▶ [THE TASK]:
Transcribe word for word the section of the records below that opens with the line containing "- Splitter obsahuje" and closes with the line containing "京越劇戲曲演出用品古裝黃梅戲舞臺表演練功斜紋布千層底繡花彩鞋"; drop every picture.

(Data entries)
* * * * *

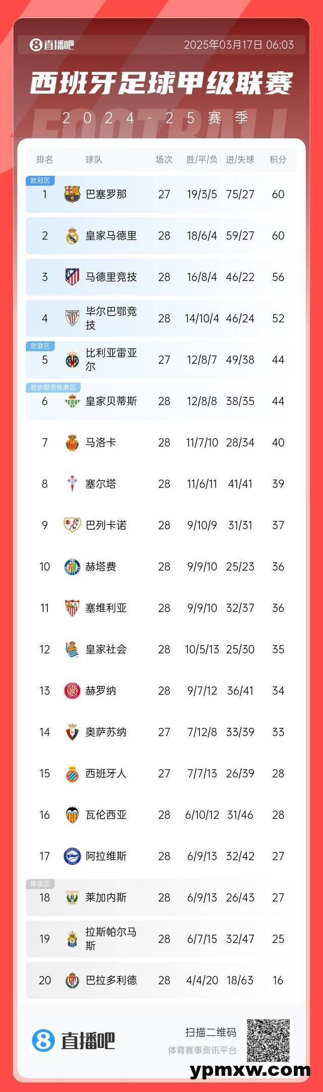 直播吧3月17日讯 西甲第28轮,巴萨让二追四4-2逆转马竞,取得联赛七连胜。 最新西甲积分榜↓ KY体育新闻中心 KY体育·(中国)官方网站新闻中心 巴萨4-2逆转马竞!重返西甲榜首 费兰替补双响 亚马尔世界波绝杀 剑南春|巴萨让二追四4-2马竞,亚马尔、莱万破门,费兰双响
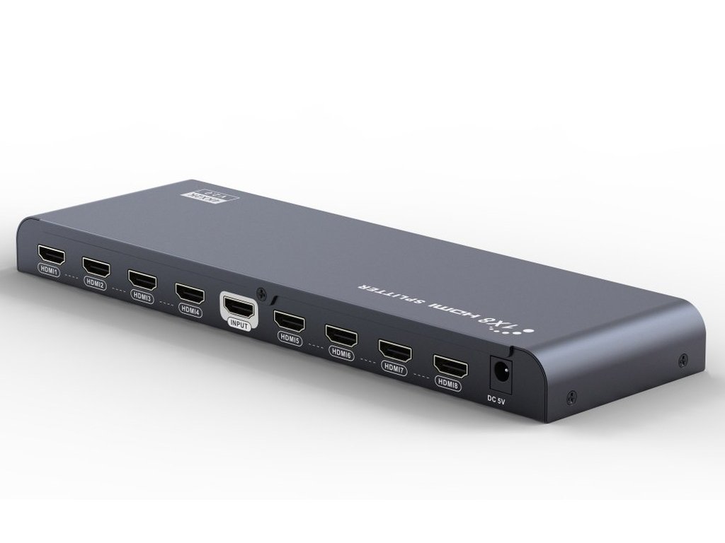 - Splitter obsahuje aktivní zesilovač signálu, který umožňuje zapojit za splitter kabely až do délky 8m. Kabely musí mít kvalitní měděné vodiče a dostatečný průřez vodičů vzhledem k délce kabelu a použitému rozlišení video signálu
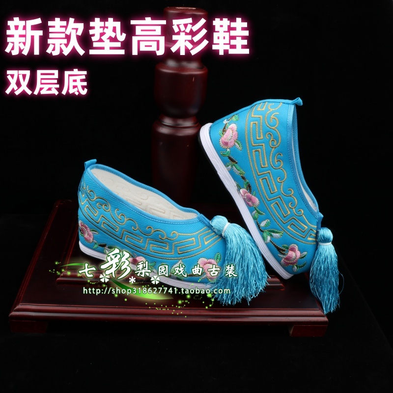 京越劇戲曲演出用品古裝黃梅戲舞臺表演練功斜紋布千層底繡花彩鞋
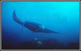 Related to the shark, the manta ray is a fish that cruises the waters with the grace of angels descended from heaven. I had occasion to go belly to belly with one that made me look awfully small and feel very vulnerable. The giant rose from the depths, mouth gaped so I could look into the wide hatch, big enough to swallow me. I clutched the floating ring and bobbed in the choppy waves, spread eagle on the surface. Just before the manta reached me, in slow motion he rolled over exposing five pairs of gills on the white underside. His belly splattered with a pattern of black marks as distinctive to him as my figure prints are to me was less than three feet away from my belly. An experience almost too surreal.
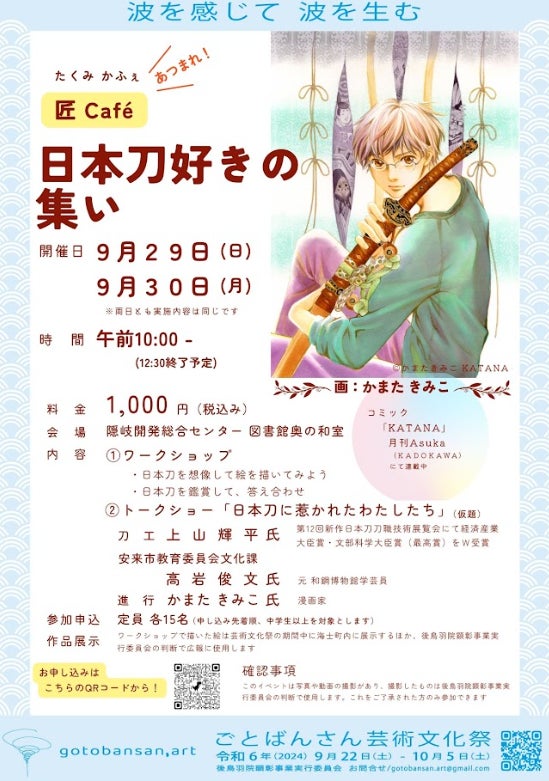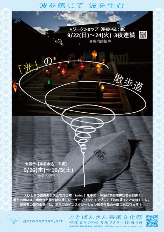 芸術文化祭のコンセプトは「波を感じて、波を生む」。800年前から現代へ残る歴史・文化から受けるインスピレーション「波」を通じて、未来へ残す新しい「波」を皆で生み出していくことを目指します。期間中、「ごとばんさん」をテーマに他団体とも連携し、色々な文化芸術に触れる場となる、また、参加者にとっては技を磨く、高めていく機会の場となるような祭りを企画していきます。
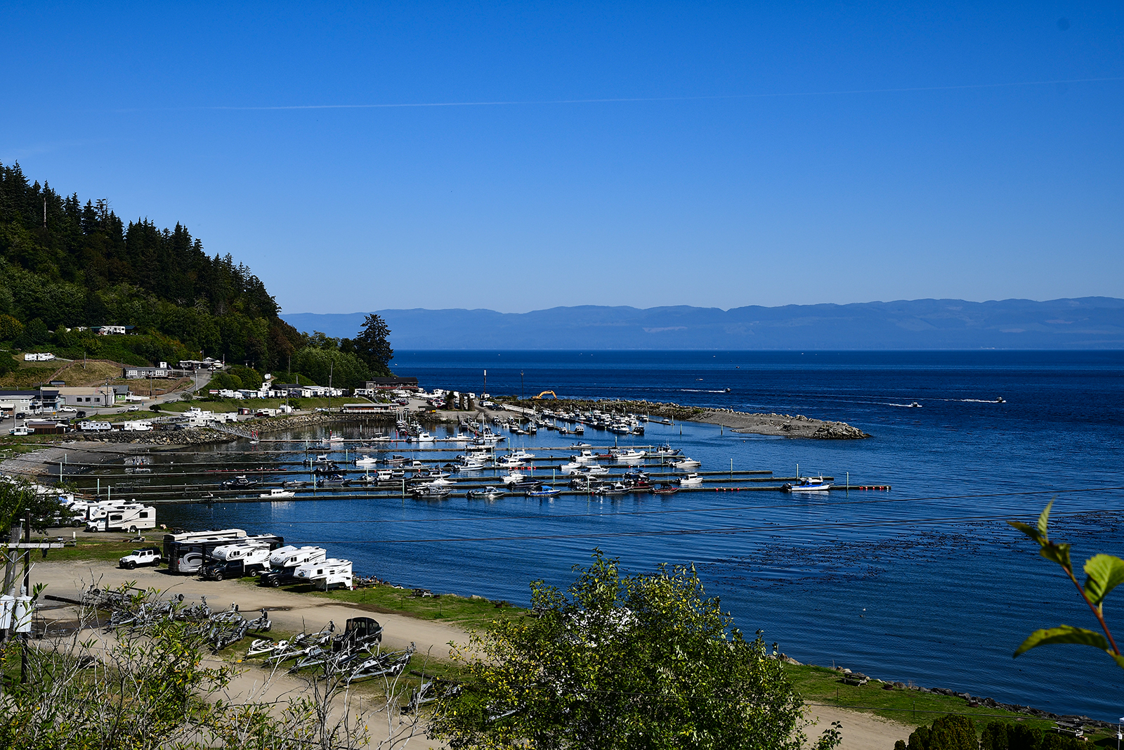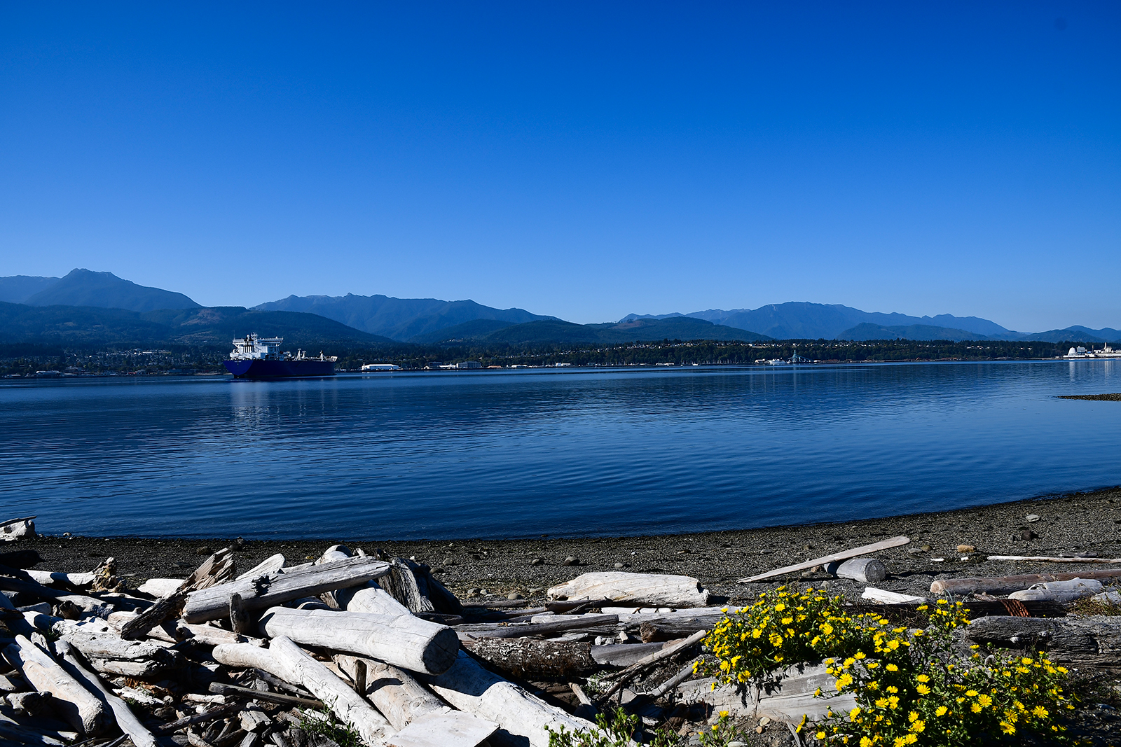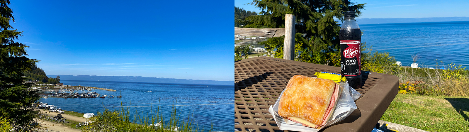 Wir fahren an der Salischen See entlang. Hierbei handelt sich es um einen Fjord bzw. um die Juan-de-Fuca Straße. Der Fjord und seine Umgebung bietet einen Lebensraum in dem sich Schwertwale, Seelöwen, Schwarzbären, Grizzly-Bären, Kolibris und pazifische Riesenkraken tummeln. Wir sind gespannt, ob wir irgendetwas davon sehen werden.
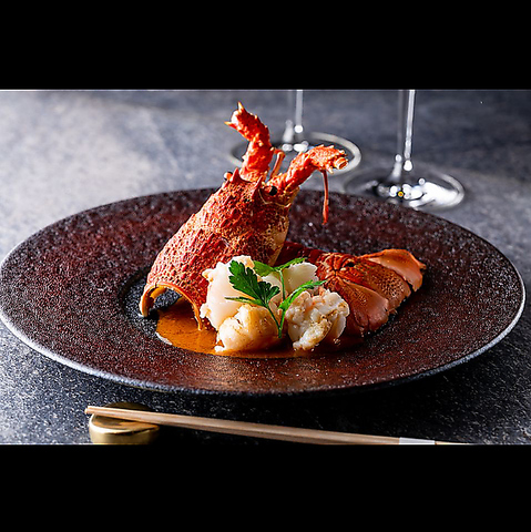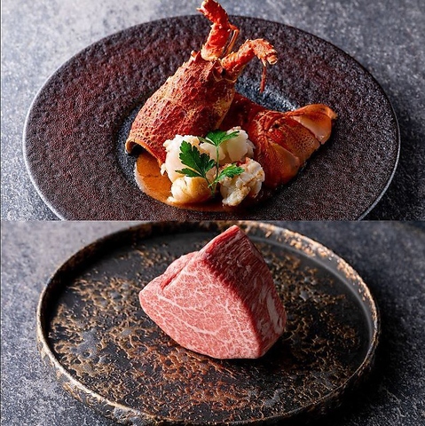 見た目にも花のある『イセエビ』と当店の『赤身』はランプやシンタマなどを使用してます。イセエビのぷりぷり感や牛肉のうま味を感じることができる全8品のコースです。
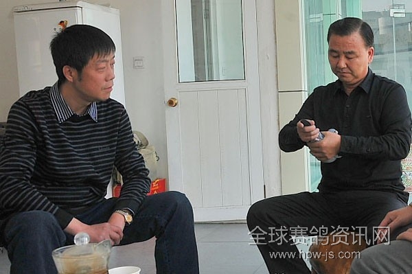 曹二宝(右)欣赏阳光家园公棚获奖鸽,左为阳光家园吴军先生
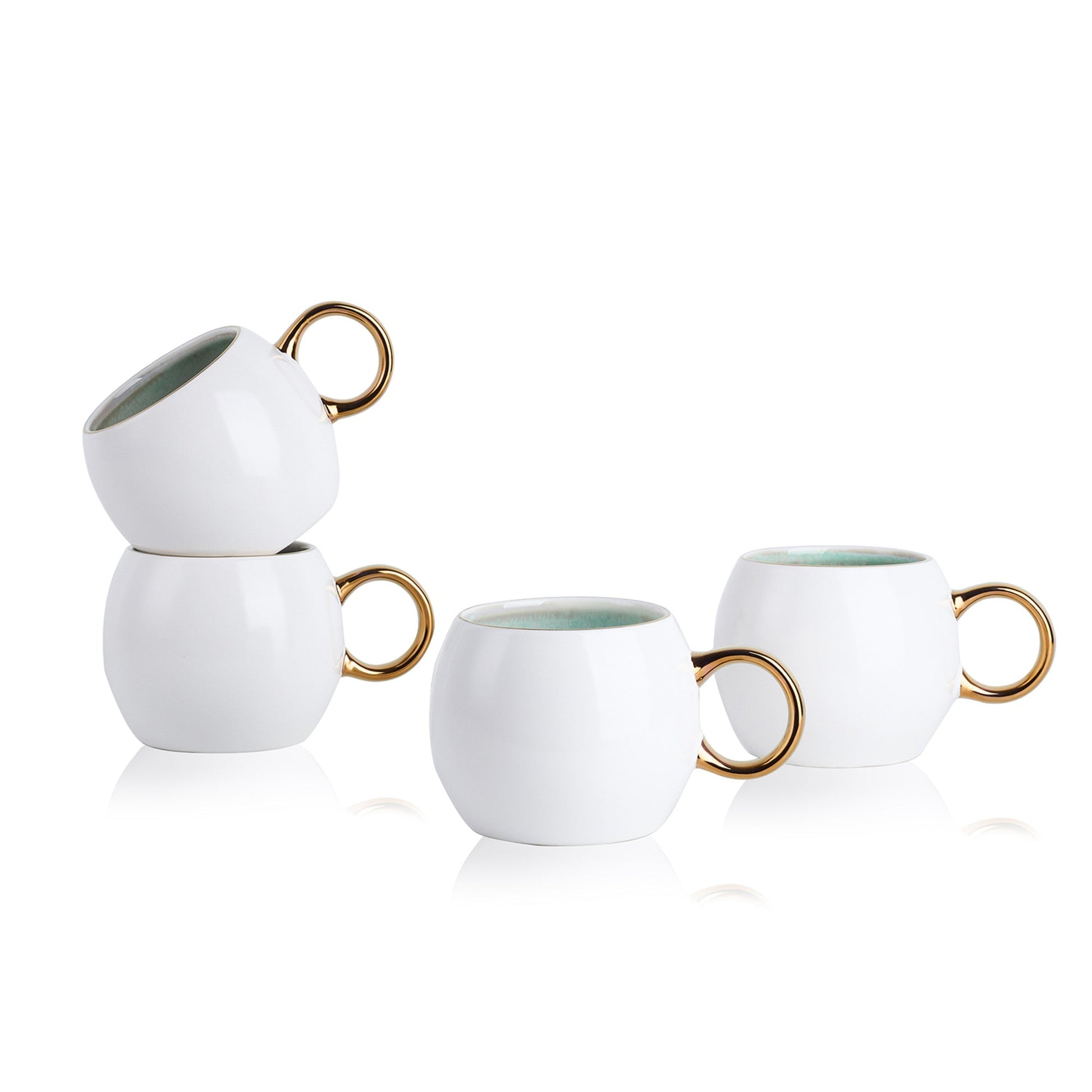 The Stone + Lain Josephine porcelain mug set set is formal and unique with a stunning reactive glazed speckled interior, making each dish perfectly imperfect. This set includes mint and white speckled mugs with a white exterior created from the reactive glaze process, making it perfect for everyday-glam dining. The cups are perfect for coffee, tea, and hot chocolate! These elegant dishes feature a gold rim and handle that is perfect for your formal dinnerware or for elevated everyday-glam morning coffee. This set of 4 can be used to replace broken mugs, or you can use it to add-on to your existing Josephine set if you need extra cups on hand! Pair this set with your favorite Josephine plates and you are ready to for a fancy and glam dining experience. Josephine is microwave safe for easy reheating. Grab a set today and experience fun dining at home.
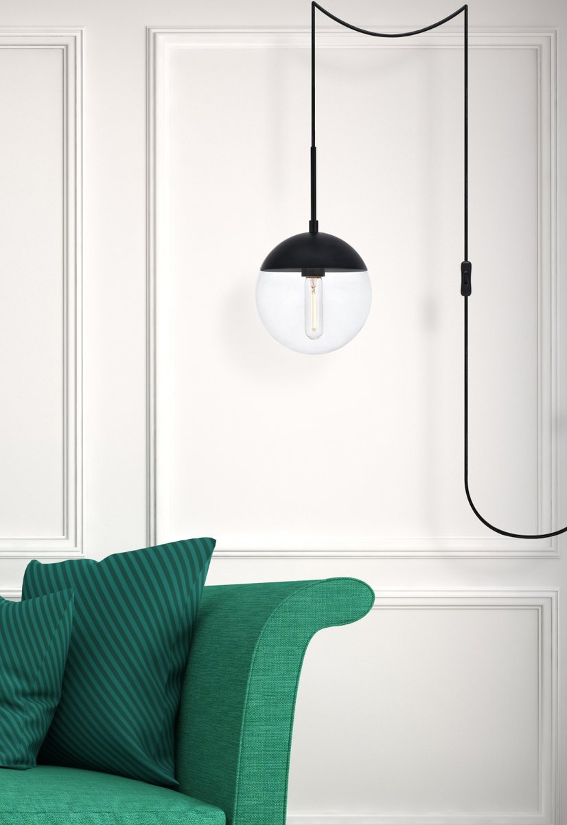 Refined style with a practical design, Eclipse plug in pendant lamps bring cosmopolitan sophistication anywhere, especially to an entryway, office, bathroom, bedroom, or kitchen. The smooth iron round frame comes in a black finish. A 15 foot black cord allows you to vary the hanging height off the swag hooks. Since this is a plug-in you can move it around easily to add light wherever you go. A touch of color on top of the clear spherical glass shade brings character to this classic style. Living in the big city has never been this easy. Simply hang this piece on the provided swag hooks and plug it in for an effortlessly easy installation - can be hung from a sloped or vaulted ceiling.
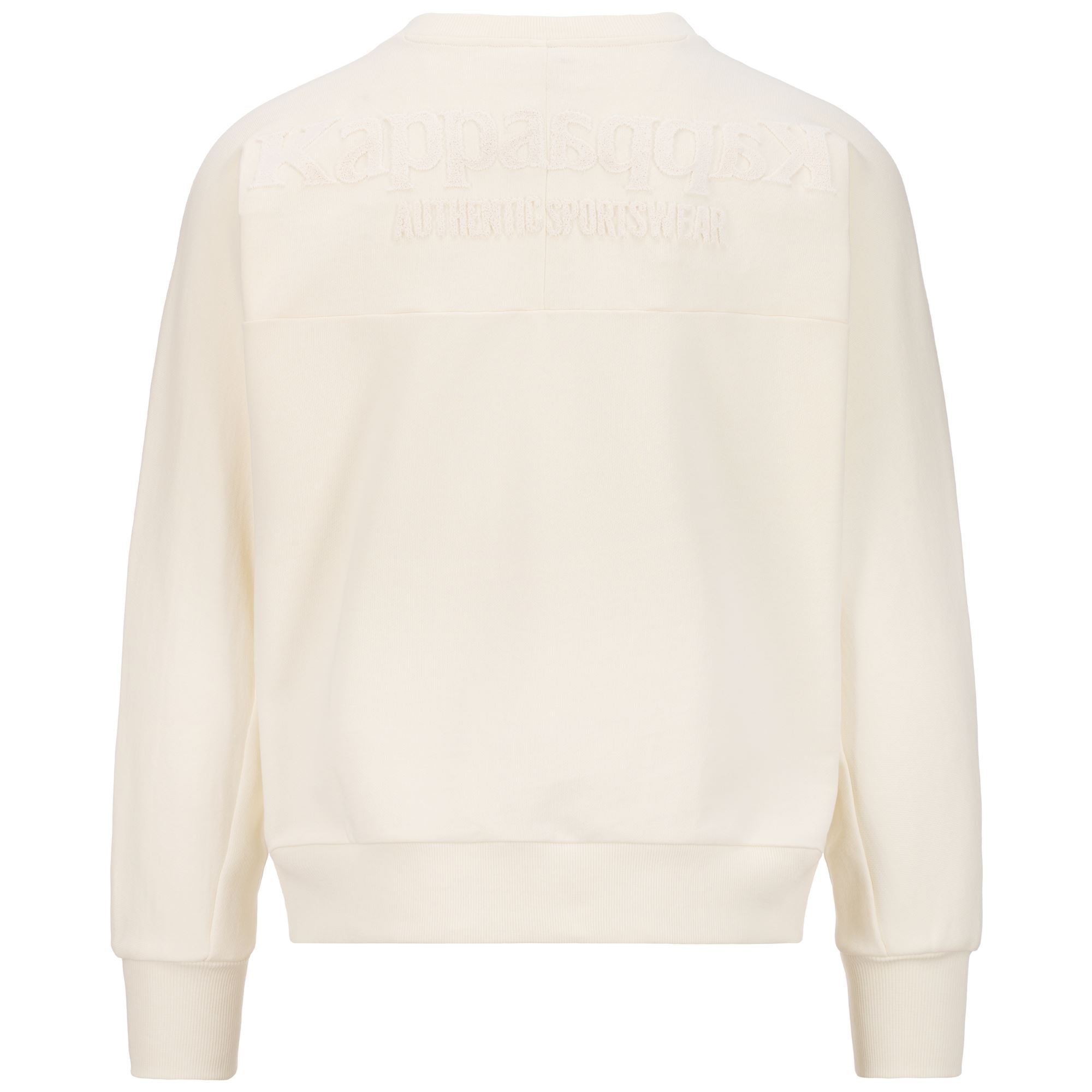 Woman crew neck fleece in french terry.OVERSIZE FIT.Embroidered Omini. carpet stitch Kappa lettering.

* * * * *

▶ [OUTPUT OF THE TASK]:
 - Splitter obsahuje aktivní zesilovač signálu, který umožňuje zapojit za splitter kabely až do délky 8m. Kabely musí mít kvalitní měděné vodiče a dostatečný průřez vodičů vzhledem k délce kabelu a použitému rozlišení video signálu
 京越劇戲曲演出用品古裝黃梅戲舞臺表演練功斜紋布千層底繡花彩鞋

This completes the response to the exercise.